Foto: INTA informa. 2013
Catriel, el arriero
Mis chivos están todos,
ciento noventa y seis, los conté muy bien. Cola Larga y Manchado, los mantuvieron
juntos cuando alguno se separaba del resto o subía al cerro. Quiero llegar al
mallín antes de que anochezca para hacer el fuego y poder descansar hasta que
salga el sol. La ruta 43 se pone fea cuando los autos no
respetan al hombre de a caballo. Antes no pasaba nadie, pero ahora hay muchos
turistas que no consideran nuestro trabajo. Estoy cansado, vengo de arrear
cerca de Chile, en Pichi Neuquén. Fue un año duro. Mucha seca. Costó encontrar
pastos tiernos. Todavía tengo que pasar por Manzano Amargo, Varvarco, y las
Ovejas para llegar a Andacollo. Cien kilómetros de montaña a caballo y arreando.
Me acompaña solo el Mario a quien le pago bien. No puedo protestar porque es lo
que me gusta hacer. El ganado es mío y los dos ranchos también. No me quejo. Más
no puedo pedir. Así cavilaba el arriero.
Catriel había nacido
en las tierras más desoladas del Neuquén. Si bien los paisajes son únicos,
mezcla de roca volcánica, amarillos de la estepa y cielos pintados, están alejados
de lugares turísticos como San Martín de los Andes o Villa La Angostura. Su
cuna era Andacollo, a orillas del río Neuquén que aguas abajo se une con el
Limay para formar los solares pródigos y pujantes del Alto Valle del Río Negro.
Se trata de un pueblo donde viven solo tres mil habitantes. Tierra de
crianceros, de hombres rudos y solitarios que llevaban sus cabras a la
veranada, montaña arriba, en la búsqueda de pastos tiernos. Interminables trasiegos.
Durante el invierno, en cambio, bajaban de los cerros a los campos de invernada
donde pastaban en los bajos y se engordaban para la venta.
Catriel tenía cuarenta
años, pero su aspecto era el de un hombre mayor.

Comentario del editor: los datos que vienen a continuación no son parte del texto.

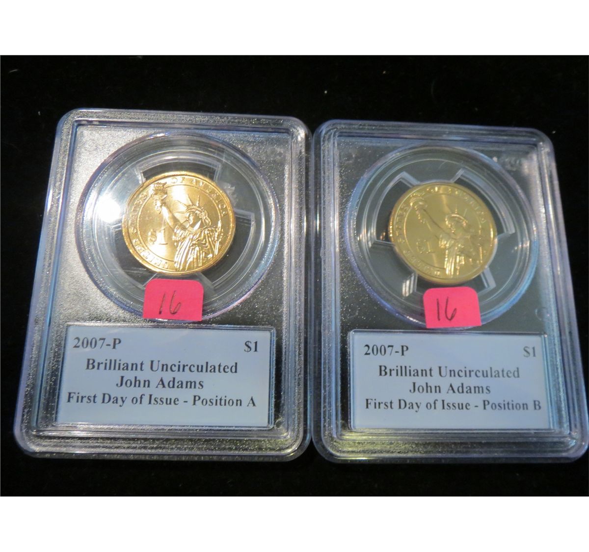 2007-P JOHN ADAMS PRESIDENTIAL DOLLARS - PCGS BU - 1ST DAY OF ISSUE POSITION A & B
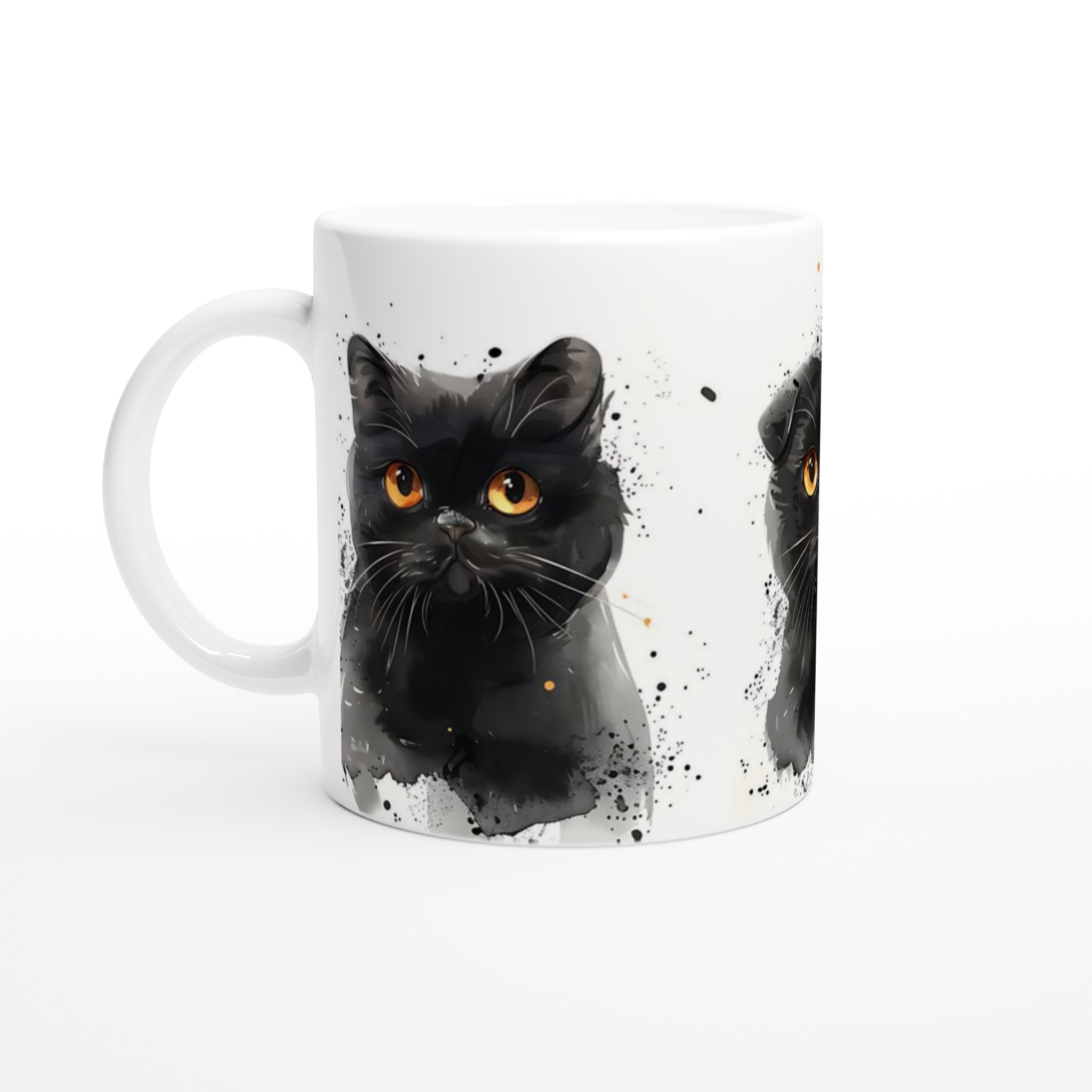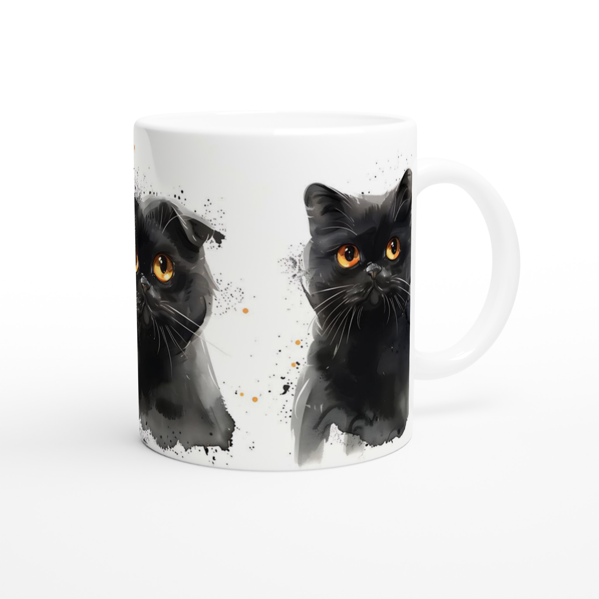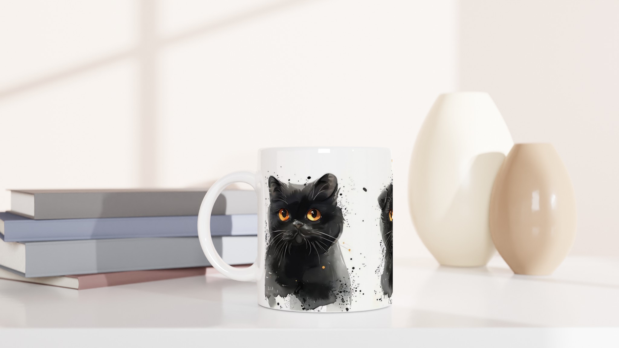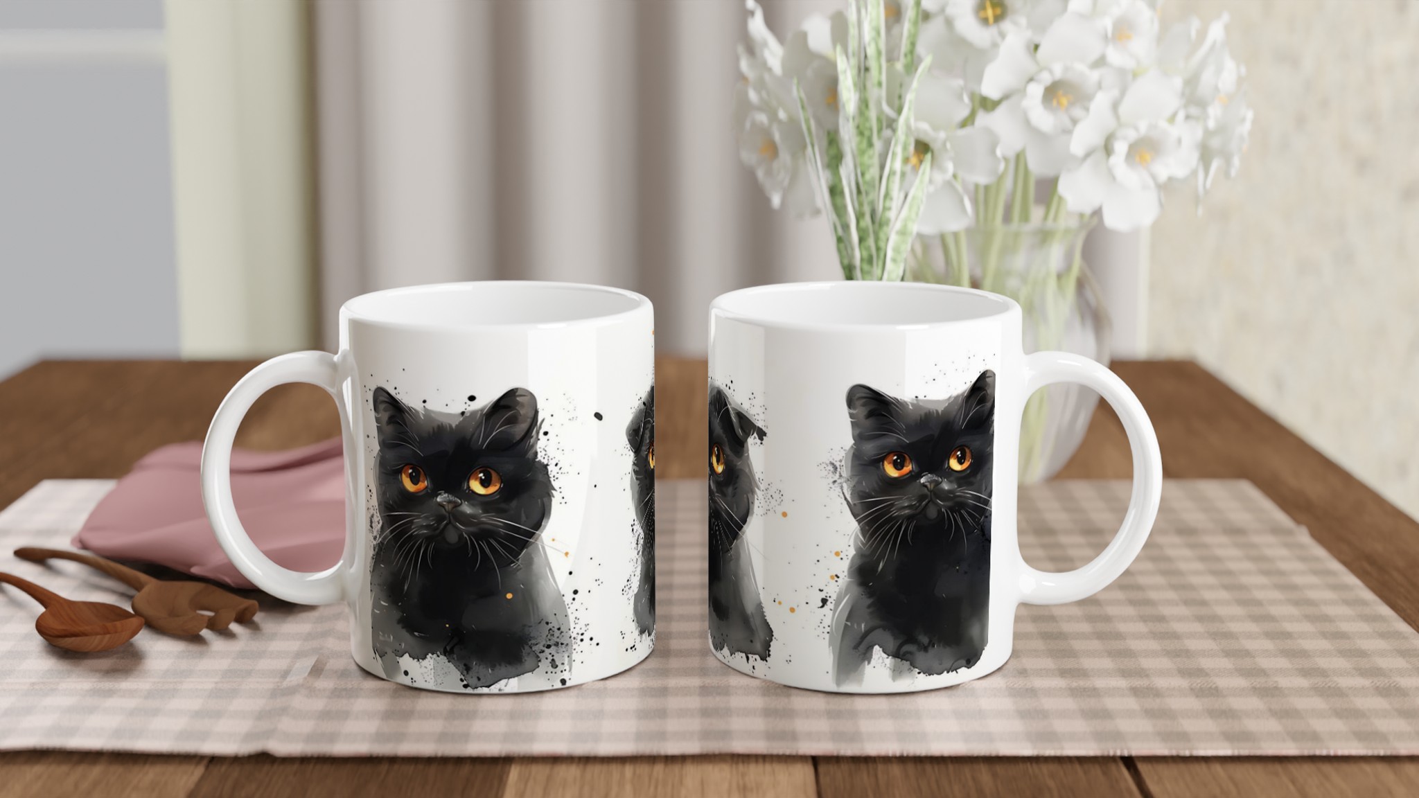 Låt den mystiska charmen hos dessa underbara svarta katter lysa upp din dag! Denna mugg fångar essensen av lekfull elegans med sin akvarellkonst, där de intensiva orange ögonen kontrasterar vackert mot den svarta pälsen och de stänkande färgdetaljerna.
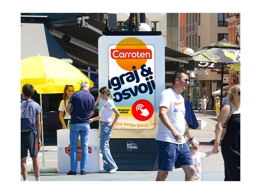 Tokom kampanje prikazivan je UV indeks zračenja u realnom vremenu sa preporukom za odgovarajuće Carotten proizvode. Za kraj kampanje na city lightu koji posjeduje touch screen realizovan je interaktivni kviz. Tom prilikom građani su imali priliku da se zabave, saznaju informacije o proizvodima i dobiju poklon proizvode sa UV zaštitnim faktorom.

El cabello reseco, el rostro
ajado y los ojos hundidos. La rudeza de su vida y el clima seco y ventoso lo habían
envejecido antes de tiempo. Sin embargo, su vitalidad estaba intacta. Este
criancero de ley podría haber sido minero de pirca a pico y pala, pero en
cambio siempre quiso estar libre, solo, sin ninguna atadura y en contacto con
la naturaleza. No necesitaba ni de su propia mujer. Ella sabía esperarlo y
criaba bien a sus dos hijos. Ese era el trabajo de una compañera. Catriel conocía
como la palma de su mano el camino a sus dos ranchos. Uno en la veranada,
arriba, a 1400 metros de altura; el otro de invernada en las afueras de
Andacollo. Allí vivía la Silvia, su mujer, con Pedrito y Juani. Él era el único
dueño de “las casas” y de su ganado. Orgulloso de sus posesiones.
Aprendió el oficio del
padre quien murió joven bajo un alud, por lo que Catriel aprendió el trabajo a
la fuerza. Recién había terminado la primaria, pero no pudo seguir. Con sus
quince años había aprendido a arrear en reemplazo de su papá. Tal fue su destino.
Ese anochecer el
cielo estaba más diáfano que nunca, el sol recién se había puesto tras la
montaña. Bajó tranquilo del caballo. Se sentó cómodo en la pirca luego de hacer
la fogata y se disponía a calentar unas tortas fritas. Escuchó entonces un ruido
ensordecedor de rocas chocando entre sí. Conocía bien ese sonido, el tronar de
la tierra. De su tierra. Quiso primero salvar a los animales. Ahuyentó a los
perros para que se los llevaran. Las primeras piedras del derrumbe cayeron
sobre él. No podía moverse, estaba atrapado. Pensó en sus cabras, en sus perros,
en su compañero y en su familia. La historia se repetía. Moriría como su padre.
Alguno de sus hijos lo iba a suceder.